The hilarious thing is LLMs tend not to say "I don't know", so it might find a reason, but if it doesn't, it will just make shit up.

This is just goofy prompting.

I have good success when I ask the agent to help me debug the harness. "Help me debug why Claude Code is ignoring my hook".

You can treat the LLM's answers ass hypotheses about why it did what it did, and test those hypotheses. The hypotheses the LLM comes up with might be better than the ones you come up with, because the LLM has seen a lot more text than you have, and particularly has seen a lot more of its own outputs than you have (e.g. from training to use other instances of itself as subagents).

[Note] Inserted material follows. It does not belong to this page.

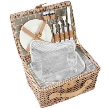 Picnic kurven imponerer med sit 10-delte servicesæt, bestående af to keramiktallerkener, to brudsikre vinglas og bestik i rustfrit stål - alt sikkert opbevaret og klar til brug. En tjenerkniv og to krydderibeholdere fuldender picnic-oplevelsen. Det integrerede kølerum sørger for, at dine madvarer og drikkevarer forbliver friske og nydelige, selv ved højere temperaturer.
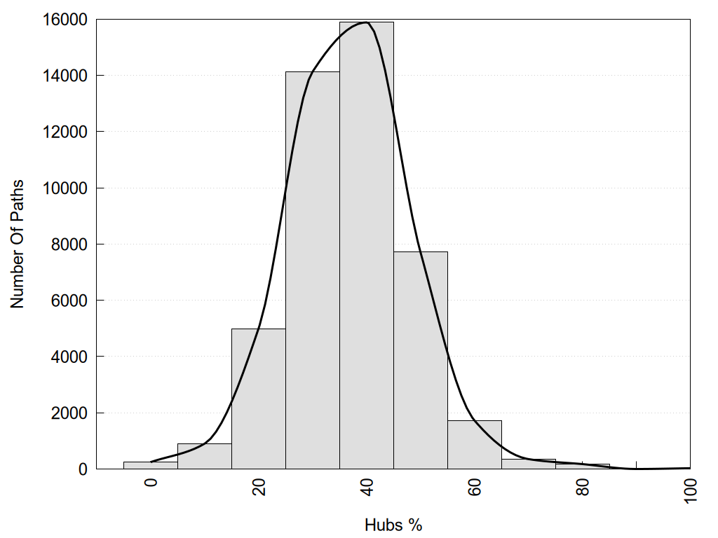 Hub1?, Hub2?: "Yes" if the corresponding node has more than 3 links, otherwise "No".

>Why are you asking the token predictor about the tokens it predicted?

In fairness, humans are quite bad at this as well. You can do years of therapy and discover that while you thought/told people that you did X because of Y, that you actually did X because of Z.

Most people don't actually understand why they do the things they do. I'm not entirely unconvinced that therapy isn't just something akin to filling your running context window in an attempt to understand why your neurons are weighted the way they are.

  • I think the use of 'most' and carte-blanch "things they do" to be overreaching. "Some things", and "some people" perhaps.

    Yet that has no relevance to an LLM, which is not a human, and does not think. You're basically calling a record playing birdsong, a bird, because one mimics the other.

  • Why are you comparing a machine to humans. They both clearly operate differently on a fundamental level.

    Would therapy work on an LLM?

Its context includes reasoning that you can’t see, so this is actually a reasonable thing to ask.

The behavior may well be due to a bug/ambiguity in the context presented to the LLM. Because we, as mere users, don't easily get to see the full context (and if we did, we might feel a little overwhelmed) asking the LLM about why it did what it did seems like a reasonable approach to surface such a bug. Or it might even turn out to be a hook configuration error on the user's part.

I can picture this comment at the 50th percentile on the midwit meme

On either side it says "I just ask the model why it did that"

This is odd.

When things like this surface, I try to see how I focused on the gap leading up to it, and trying to fix it, and hope I am not focusing on the gap and questioning can draw attention to it and reinforcing it. This means more attention is drawn to what is not wanted by questioning it, instead of being clear that the intention is to ensure in all cases, shapes and forms it no longer happens.

Instead, mention what you require, repeatedly, and also mention what you do not want ever to happen and it might be different.

That’s a bit strong. A coding agent doesn’t know, but they’re pretty good at debugging problems. It can speculate about possible fixes based on its context.

The model should show some facsimile of understanding that it should not ignore the stop hook, otherwise that is a regression. Does that wording make you happier?

  • They said it doesn’t “understand” anything with which to give a real answer, so there’s no point in asking. You said “yeah but it should at least emulate the words of something that understands, that way I can pay a nickel for some apology tokens.” That about right?

    • I mean at some point what difference does this make? We can split hairs about whether it 'really understands' the thing, and maybe that's an interesting side-topic to talk about on these forums, but the behavior and outputs of the model is what really matters to everyone else right?

      Maybe it doesn't 'understand' in the experiential, qualia way that a human does. Sure. But it's still a valid and useful simile to use with these models because they emulate something close enough to understanding; so much so now that when they stop doing it, that's the point of conversation, not the other way around.

      1 reply →

Because the LLM is in the execution environment and can report on configuration settings in said environment.

Incorrect. LLMs are good at solving problems. Even ones where they need to pull fluff from their own navel.